As we tried to find the aptly named Cutthroat Guest Ranch, we were first struck by a sign prominently attached to one of the poles of the typical three-beam farm gate, which announced that this property was up for sale. We then followed a steep gravel road, not at all suited to our smug car, to approach a seemingly deserted place. The log huts, arrayed in that characteristic manner, i.e. standing at a friendly distance from one another, were not inhabited and neither people nor vehicles could be seen apart from a dusty truck parked a bit off-site. The reception room was locked and no sign of activity could be spotted. We tried to call the owner — there was a telephone number given in our reservation confirmation — but could only reach an answering machine. Since our booking confirmation had warned us that check-in is possible only after 4 p.m., we had timed our arrival accordingly, so that we became quite worried as to where to stay for the night. Luckily, we got hold of a cellular signal to make connection with the virtual world again to find a nearby motel, a little closer to the Western entrance of Yellowstone, located in a pretty valley with a reception hall decorated like a living room and inhabited by large friendly dogs and TV screens that beamed old cowboy movies at guests round the clock. There, I could also check my email and, to my surprise, found instructions by the owner of the Cutthroat Guest Ranch how to enter our cabin, explaining why there was no personnel on site (because their main business now consisted of running a restaurant in Cody). What ensued was a polite but unfriendly exchange in which I argued why we had been right to assume that their place had been abandoned while the owner argued that the procedure of remote check-in, announced on the day of arrival through email, was completely aligned with standard practice, shaking my confidence in the American institution of the motel. Back in Germany – after an enjoyable exploration of Yellowstone from Gardiner and Bozeman and a return to Salt Lake City along its Western flank via Tetonia – I then found, not entirely unexpected given our prior email conversation, that my credit card had been charged for the (unused) night at Cutthroat Guest Ranch. I now turned to Booking.com for advice.

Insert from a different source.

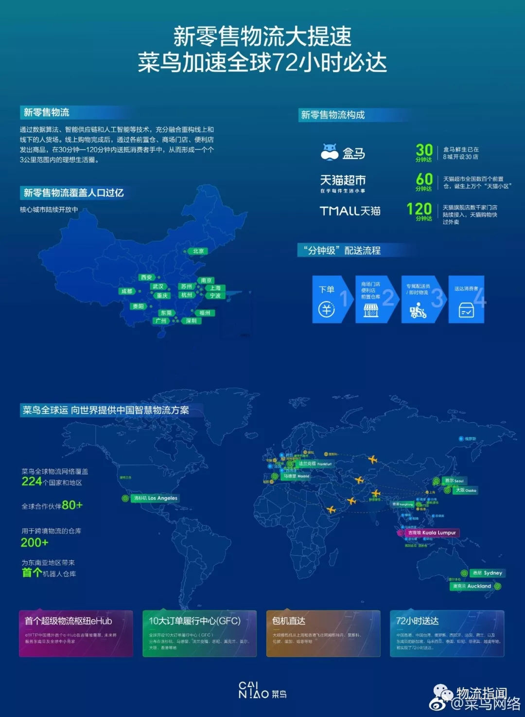 【綜述】 全面梳理完菜鳥的技術和模式體系,讓人感覺異常通透,也讓人感覺非常有意思。自己一直在反問幾個問題: 1.2008年的我們,當時所想象到的2018年的物流技術是怎么樣的呢? 2.未來,下一個10年過后,2028年的中國物流技術會是怎么樣的呢? 3.如果沒有菜鳥這樣的新興平臺出現,中國物流的企業是怎樣的現狀呢? 2018年的中國互聯網商業已經全面轉向新零售,新零售背后拼的不是移動端的流量,而是線下與線上的融合。新零售背后的供應鏈正在面臨一次全面的重構,這次重構與2007年的電商爆發期完全不一樣,新零售時期的供應鏈重構表現出如下幾個特征:

The first thing I learned was that there is no easy way to contact them. Finding a telephone number was a challenge and then my patience was tested as I counted down my position in the telephone waiting line. In total, I talked to them three times, each time starting all over to tell my story and to win over my counterpart by explaining the situation in which we had found ourselves when we arrived at the Cutthroat Guest Ranch. The second person I talked to, a woman with an East European accent, sympathized with me and promised to take tough action. However, my last human encounter with Booking.com, with a man also with an East European accent, settled the matter. He explained to me that Booking.com has, indeed, contacted the owner of the Cutthroat Guest Ranch to suggest that he refunds the rate for the unused night – to no avail, of course – but that they could do no more than appeal to his honesty and sense of good business manners. My expectation was that Booking.com would take responsibility for the (non-) service offered through its platform, but I learned that this is not the case.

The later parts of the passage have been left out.